The read or write operation can occur after a time delay of
tRCD(min) from the time of bank activation. tRCD(min) is an
internal timing parameter of SGRAM, therefore it is
dependent on operating clock frequency. The minimum
number of clock cycles required between bank activate and
read or write command should be calculated by dividing
tRCD(min) with cycle time of the clock and then rounding off
the result to the next higher integer. The SGRAM has two
internal banks on the same chip and shares part of the
internal circuitry to reduce chip area, therefore it restricts
the activation of both banks immediately. Also the noise
generated during sensing of each bank of SGRAM is high
requiring some time for power supplies recover before the
other bank can be sensed reliably. tRRD(min) specifies the
minimum time required between activating different banks.
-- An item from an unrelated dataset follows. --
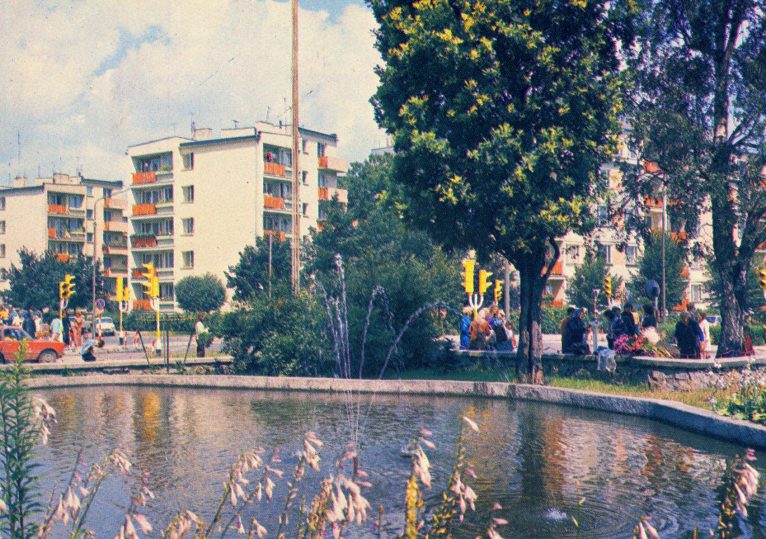 Pocztówka ukazującą fragment ulicy Tysiąclecia z fontanną przed ówczesnym Domem Towarowym. Obecnie w jej miejscu znajduje się parking samochodowy.

The number of clock cycles required between different bank
activation must be calculated similar to tRCD specification.
The minimum time required for the bank to be active to
initiate sensing and restoring the complete row of dynamic
cells is determined by tRAS(min) specification before a
precharge command to that active bank can be asserted.
The maximum time any bank can be in the active state is
determined by tRAS(max). The number of cycles for both
tRAS(min) and tRAS(max) can be calculated similar to tRCD
specification.
Burst Read
The burst read command is used to access burst of data on
consecutive clock cycles from an active row in an active
bank. The burst read command is issued by asserting low
on CS and CAS with WE being high on the positive edge
of the clock. The bank must be active for at least tRCD(min)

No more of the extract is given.